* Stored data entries

((

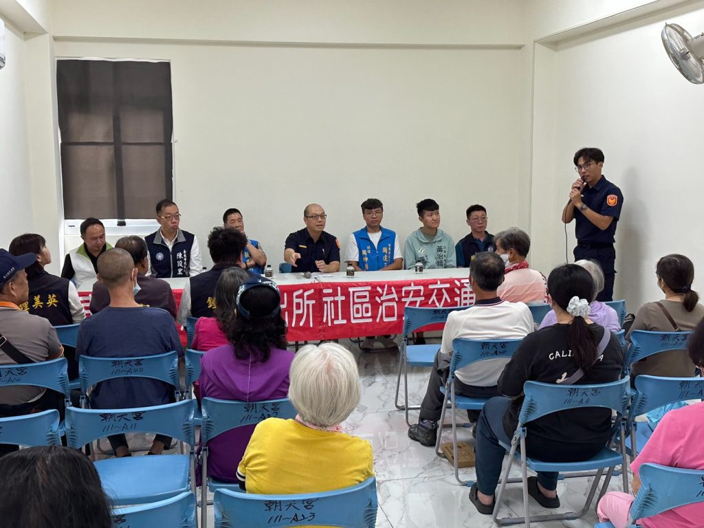 【報新聞 記者林致遠 台東報導】臺東縣警察局臺東分局今(23)日上午在臺東市朝天宮舉辦「社區治安會議」,縣議員張國洲、周達三、縣議員黃治維秘書李宣毅、縣議員陳志峰助理蔡瑋倫、臺東市民代表陳俊宏、王泰捷、中心里里長鍾皇亭、民生里里長鍾美英、仁和里里長李坤智及70餘位鄉親蒞臨參與;副分局長林進生率各組、隊主管到場實施「識詐、交通安全及婦幼安全」宣導,社區民眾出席踴躍,一同來關心、了解轄區治安及交通狀況並提供建言。
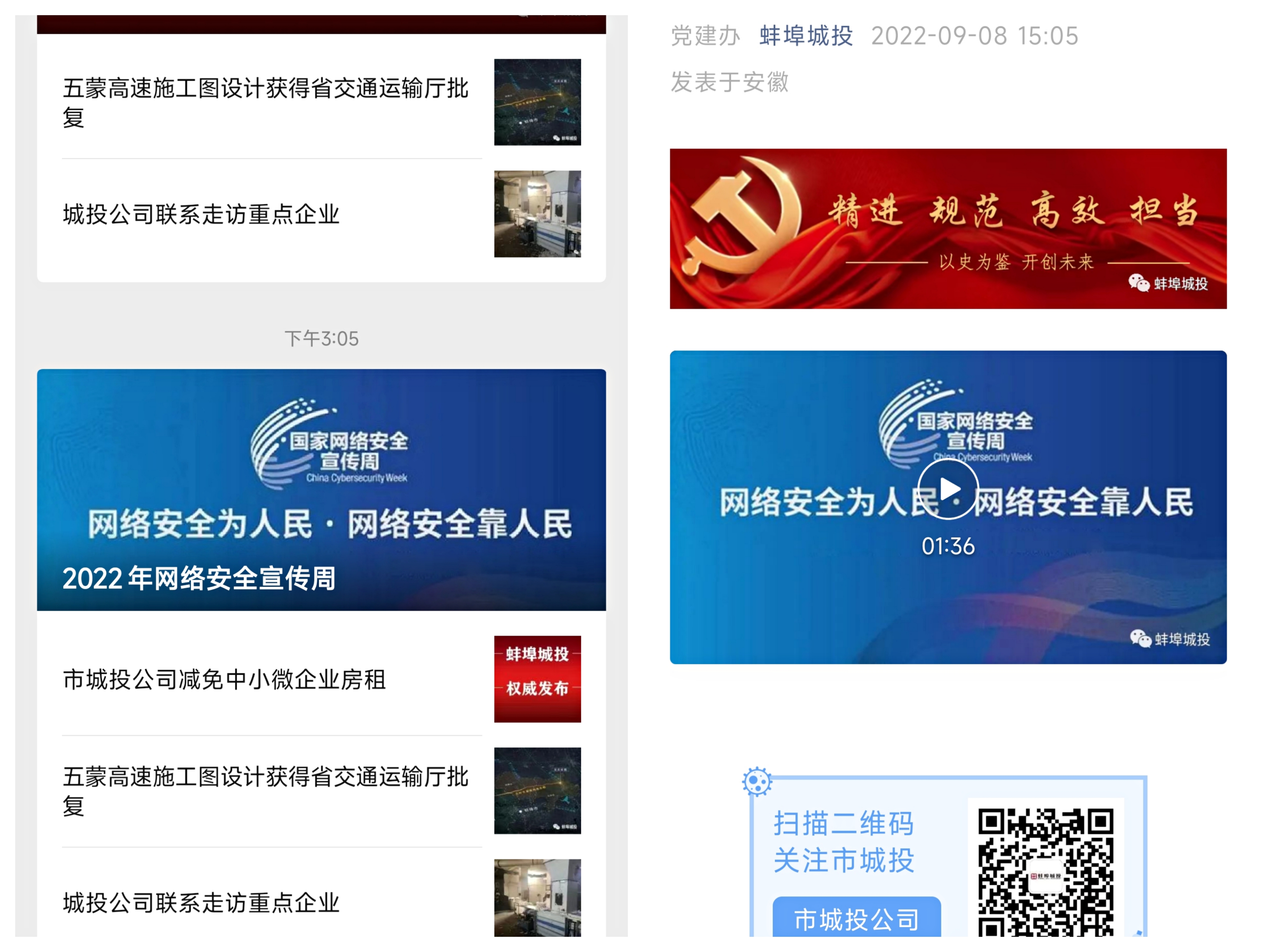 根據(jù)市委網(wǎng)信辦《2022年蚌埠市網(wǎng)絡(luò)安全宣傳活動實施方案》要求,市城投公司認真組織開展以“網(wǎng)絡(luò)安全為人民、網(wǎng)絡(luò)安全依靠人民”為主題的網(wǎng)絡(luò)安全宣傳周活動。
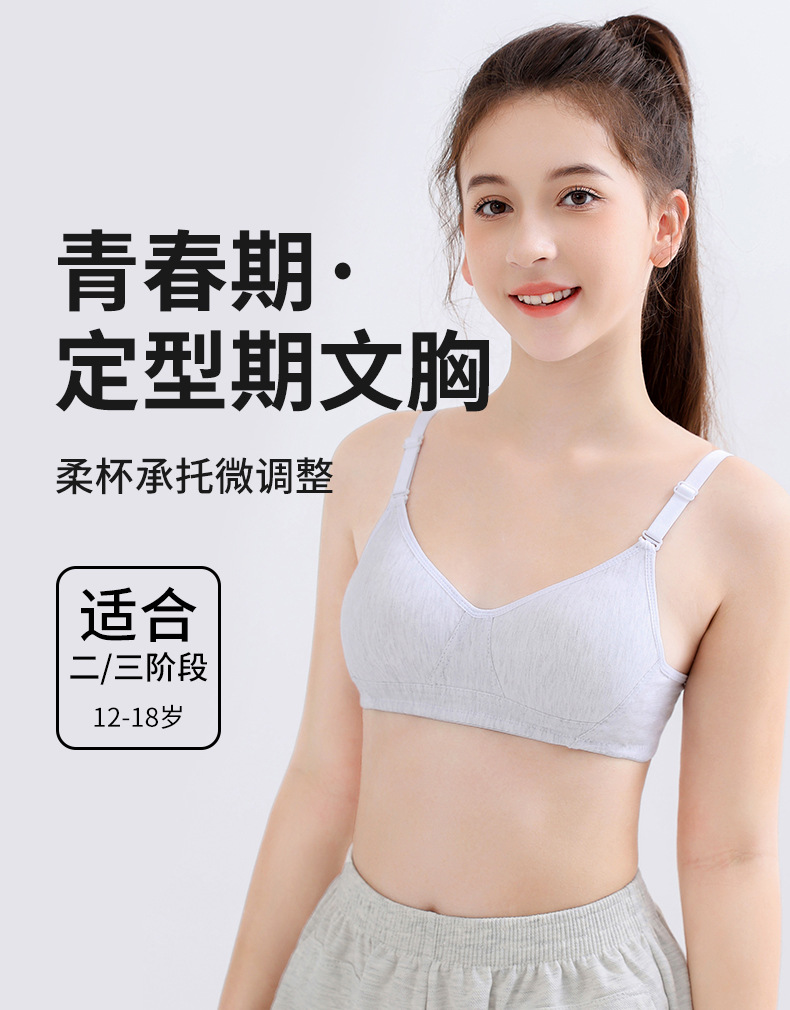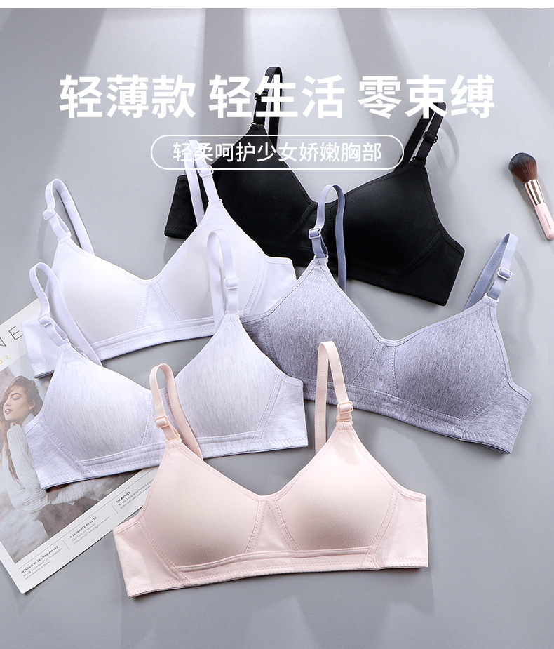 발달기 소녀용 속옷 순면 얇은 컵 무와이어 브라 편안하고 통기성 좋은 고정컵 청소년 학생용 브라
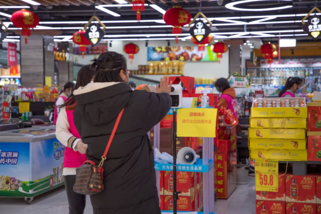 在金山区海盛路的一家大型商超内,红灯笼高挂,各类年货摆放在显眼位置,节日氛围十分浓厚。在入口处,记者看到有专人正在给市民测温、查看健康码,并提醒大家进出超市佩戴好口罩。
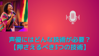 声優にはどんな技術が必要か知りたいですか? 本記事では、声優にはどんな技術が必要か解説しています。 声優にはどんな技術が必要か知りたい方は是非ご覧下さい。
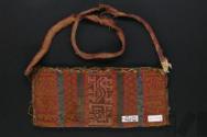 Chuspa polícroma de forma rectangular con diseños zoomorfos y geométricos
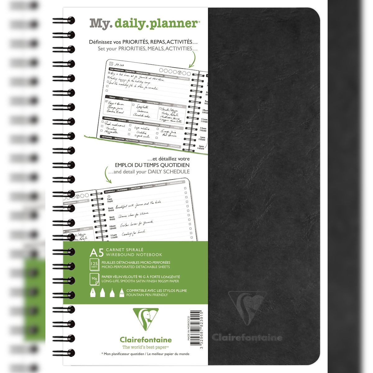 Clairefontaine 5x Age Bag, My.daily.planner, Spiralbuch A5, 250 abtrennbare Seiten (125 Blatt) 90g - Schwarz 782391C
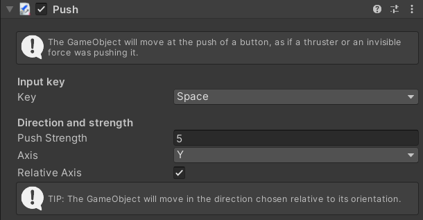 In conjunction with Axis, the Relative Axis property controls whether the push rotates with the GameObject or whether it is applied in absolute terms. For example, with Relative Axis enabled, rotating the object by 90 degrees clockwise also rotates the relative direction of the push by 90 degrees clockwise. With Relative Axis disabled, the direction of the push stays the same, no matter how the object is moved. There is no change in the gizmo if the object has no rotation.
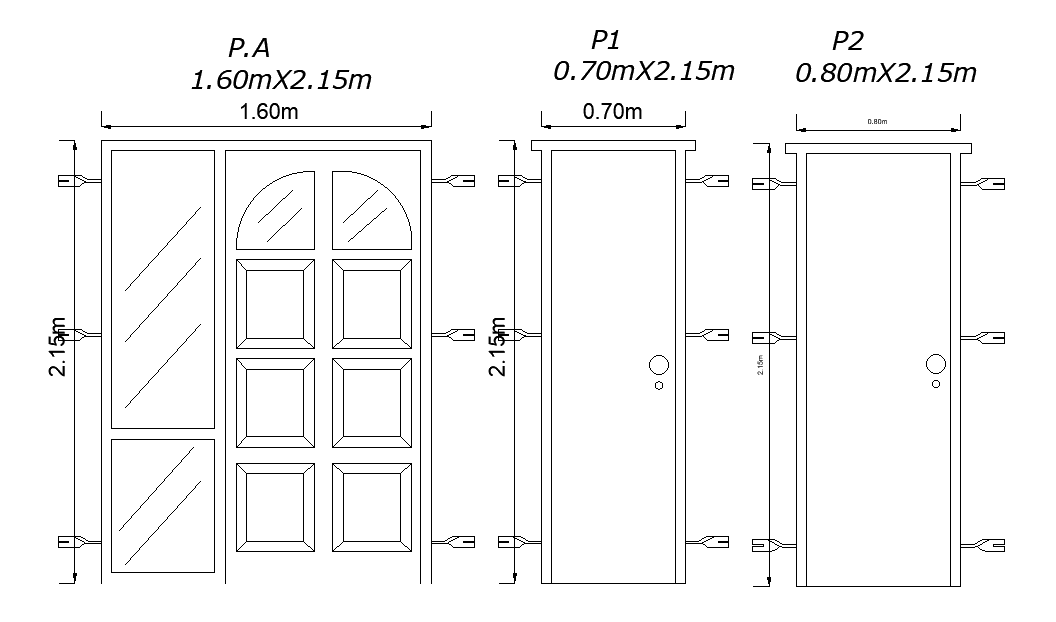 160x215cm door plan is given in this CAD model. This is provided to the 12x9m house building. In this, three different size of doors are given. For more details download the AutoCAD drawing file from our cadbull website
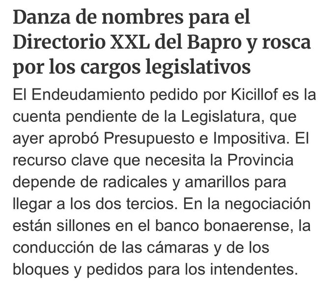 En ese contexto, de aquí al miércoles, las negociaciones se centrarán en dos puntos centrales: 1) el monto final y el modo de distribución del porcentaje del endeudamiento, un 8% del total- previsto para girar a los municipios (las opciones van desde el CUD que se usa parala coparticipación, con una garantía a pagarse en 2026 en tres cuotas hasta un esquema más laxo definido por una bicameral. 2) La ampliación del directorio del Banco Provincia (una idea atribuida a Massa) de 8 a 12 miembros, que plantea el desafío de encontrar un formato legal para hacerlo con rapidez. Y asociado a eso, las garantías de que se respetarán los nombres acordados para integrar ese cuerpo, el Tribunal Fiscal, el consejo de Educación en caso de que fuese necesario tratarlos en una sesión posterior. Fuente: Agencia DIB

))

* Work to be completed
The records above are to be restated exactly, without their pictures.

* Expected output
 【報新聞 記者林致遠 台東報導】臺東縣警察局臺東分局今(23)日上午在臺東市朝天宮舉辦「社區治安會議」,縣議員張國洲、周達三、縣議員黃治維秘書李宣毅、縣議員陳志峰助理蔡瑋倫、臺東市民代表陳俊宏、王泰捷、中心里里長鍾皇亭、民生里里長鍾美英、仁和里里長李坤智及70餘位鄉親蒞臨參與;副分局長林進生率各組、隊主管到場實施「識詐、交通安全及婦幼安全」宣導,社區民眾出席踴躍,一同來關心、了解轄區治安及交通狀況並提供建言。
 根據(jù)市委網(wǎng)信辦《2022年蚌埠市網(wǎng)絡(luò)安全宣傳活動實施方案》要求,市城投公司認真組織開展以“網(wǎng)絡(luò)安全為人民、網(wǎng)絡(luò)安全依靠人民”為主題的網(wǎng)絡(luò)安全宣傳周活動。
 발달기 소녀용 속옷 순면 얇은 컵 무와이어 브라 편안하고 통기성 좋은 고정컵 청소년 학생용 브라
 在金山区海盛路的一家大型商超内,红灯笼高挂,各类年货摆放在显眼位置,节日氛围十分浓厚。在入口处,记者看到有专人正在给市民测温、查看健康码,并提醒大家进出超市佩戴好口罩。
 声優にはどんな技術が必要か知りたいですか? 本記事では、声優にはどんな技術が必要か解説しています。 声優にはどんな技術が必要か知りたい方は是非ご覧下さい。
 Chuspa polícroma de forma rectangular con diseños zoomorfos y geométricos
 Clairefontaine 5x Age Bag, My.daily.planner, Spiralbuch A5, 250 abtrennbare Seiten (125 Blatt) 90g - Schwarz 782391C
 In conjunction with Axis, the Relative Axis property controls whether the push rotates with the GameObject or whether it is applied in absolute terms. For example, with Relative Axis enabled, rotating the object by 90 degrees clockwise also rotates the relative direction of the push by 90 degrees clockwise. With Relative Axis disabled, the direction of the push stays the same, no matter how the object is moved. There is no change in the gizmo if the object has no rotation.
 160x215cm door plan is given in this CAD model. This is provided to the 12x9m house building. In this, three different size of doors are given. For more details download the AutoCAD drawing file from our cadbull website
 En ese contexto, de aquí al miércoles, las negociaciones se centrarán en dos puntos centrales: 1) el monto final y el modo de distribución del porcentaje del endeudamiento, un 8% del total- previsto para girar a los municipios (las opciones van desde el CUD que se usa parala coparticipación, con una garantía a pagarse en 2026 en tres cuotas hasta un esquema más laxo definido por una bicameral. 2) La ampliación del directorio del Banco Provincia (una idea atribuida a Massa) de 8 a 12 miembros, que plantea el desafío de encontrar un formato legal para hacerlo con rapidez. Y asociado a eso, las garantías de que se respetarán los nombres acordados para integrar ese cuerpo, el Tribunal Fiscal, el consejo de Educación en caso de que fuese necesario tratarlos en una sesión posterior. Fuente: Agencia DIB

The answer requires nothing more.